If buying with a mortgage, you will need a specific Buy-To-Let mortgage. A buy-to-let mortgage is a mortgage sold specifically to people who buy property as an investment, rather than as a place to live.

If you plan to rent out your property, you won’t be able to finance your purchase with a standard residential mortgage.


An HMO is effectively a house share. Each room is rented out room by room to individuals who are usually unrelated to one another. This increases cash-flow and yield.

This property investment strategy is typically more lucrative than a simple BTL however, there are higher costs associated with running an HMO that need to be considered. HMOs are usually furnished, and bills must be considered as well.

Simply because of the larger number of people under one roof, the landlord of an HMO has higher standards to meet. For example:

  • Safety – gas safety checks must be carried out every year and electrical system checks every five years. Smoke alarms and carbon monoxide alarms must be fitted.

  • Sanitation – ensuring that there are adequate rubbish disposal facilities, bins and bin bags. Providing washing and cooking facilities of a certain standard.

  • Facilities – landlords must prevent overcrowding and keep shared and communal areas in a good state of repair.

Individually tenancy agreements are prepared for each tenant so there is also more administration involved, as well as background checks and you are essentially managing a group of strangers all living under one roof.

This can often be testing and not something all property investors are interested in doing.

Commercial Property

Commercial property is property that is used for business activities. Commercial property usually refers to buildings that house businesses, but it can also refer to land that is intended to generate a profit, as well as larger residential rental properties.

The designation of a property as a commercial property has implications on the financing of the building, the tax treatment, and the laws that apply to it.

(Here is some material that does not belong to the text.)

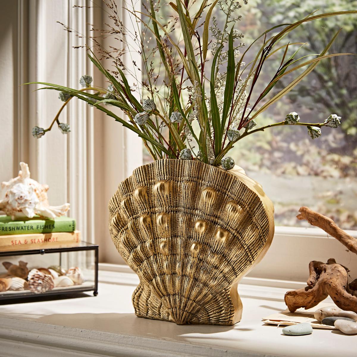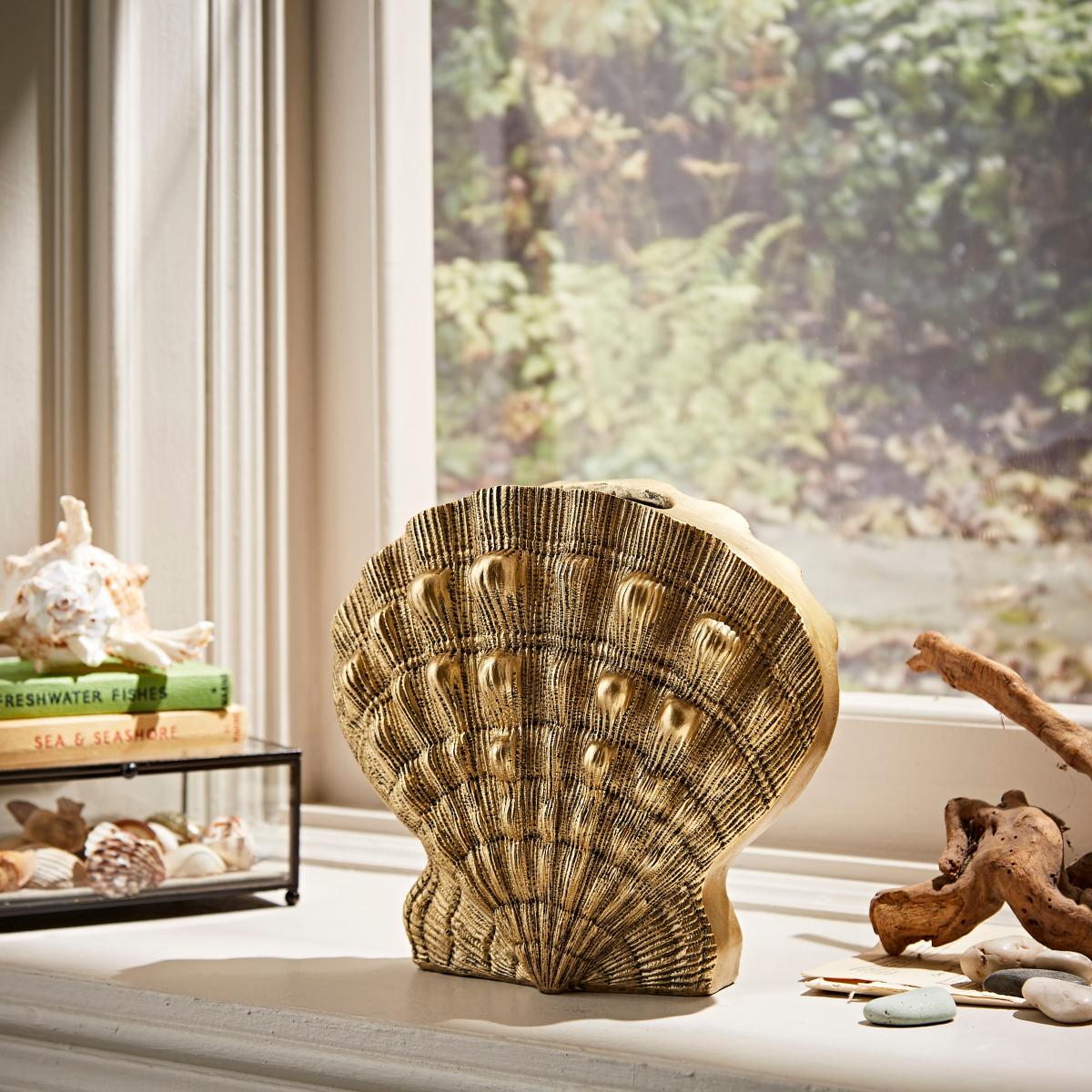 In collaboration with the Natural History Museum. Intricately detailed with its natural curves, this vase, which was inspired by the incredibly beautiful Lion’s paw scallop, is the perfect addition to your home, finished in a gorgeous gold colourway for that extra shimmer. Made from high quality and durable resin, this vase can be used for both fresh and faux flowers which spout at the top. Its contemporary finish is detailed to suit any home interior. This has been inspired by the Museum’s mollusc collection. Natural History Museum x Dunelm. Extraordinary treasures can be found along the British coastline. A truly special environment, the shoreline is simply brimming with life both above and below the waves, but with the tide washing twice daily over the shore, it can be an unforgiving place to live. The creatures that reside here must adapt to an ever-changing environment - some have evolved hard outer shells to protect themselves, others such as starfish have developed hundreds of ‘tube feet’ to grip on tightly. From out of reach coastal cliffs and rocky islets teeming with seabirds to the rich and diverse underwater kelp forests that support a variety of marine species, there is incredible wildlife wherever you turn. Through our collection with the Natural History Museum, we want to celebrate the diversity of the UK’s incredible shorelines and highlight some of the threats impacting them and the species that reside there from rising ocean temperatures to acidity levels. © The Trustees of the Natural History Museum, London 2023. All Rights Reserved.

From an investment perspective, commercial property has traditionally been seen as a sound investment. The initial investment costs of the building and the costs associated with customisation for tenants are much higher than residential property, but the overall returns are also higher, and some of the common headaches that come with tenants aren't present when dealing with a company and clear leases.

Rent To Rent

Rent To Rent is whereby you rent a property from a landlord and then rent it out to a tenant. The profit made is the margin between the two. Essentially, you take control of the property and act like you are the landlord, as if you actually owned the property yourself. You will usually give the landlord a guaranteed rent which is lower than the rent you charge your tenants and you pocket the difference. This keeps the landlord happy because they are receiving rent each month from their property without the extra effort that is usually involved in facilitating this.

This is a very niche property investment strategy and is not suited for everyone. There are no mortgages involved for you because you never actually own the property which is very appealing to some people; specifically those who maybe do not qualify for a mortgage for whatever reason.

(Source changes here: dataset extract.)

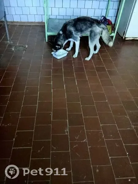 Окрас Темно серый , с белым, мордочка нос беленький, где холка пятно белое. Туловице черно-серое. Левый глаз голубой , правый темно карий (черный). Сбежала со двора, выкопала подкоп.

This property investment strategy allows you to generate cash quickly, without the usual upfront capital required such as deposits and other large fees.

Lease Options

A lease option is simple a legal agreement that allows you to control a property and generate income from it without actually owning it, with the legal right to purchase the property at a later date if desired.

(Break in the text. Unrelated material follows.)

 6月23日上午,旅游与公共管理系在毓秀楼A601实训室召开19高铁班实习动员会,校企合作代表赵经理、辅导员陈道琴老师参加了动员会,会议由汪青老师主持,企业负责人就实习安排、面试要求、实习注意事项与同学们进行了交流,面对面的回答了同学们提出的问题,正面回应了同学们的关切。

There are two agreements in place within a lease option deal:

  1. Lease: You agree a monthly payment to the property owner, which allows you to manage the property and rent it out to tenants for a profit.

  2. Option: You agree a price at which you can buy the property later, if you want to.

It is a great way of earning cash and little capital is required to get started, however leas options are very difficult to find and execute, making lease options one of the most obscures strategies in the list. The home owner might back out and there is usually not enough margin to employ a managing agent so it can be a very hands-on strategy which does not suit everyone.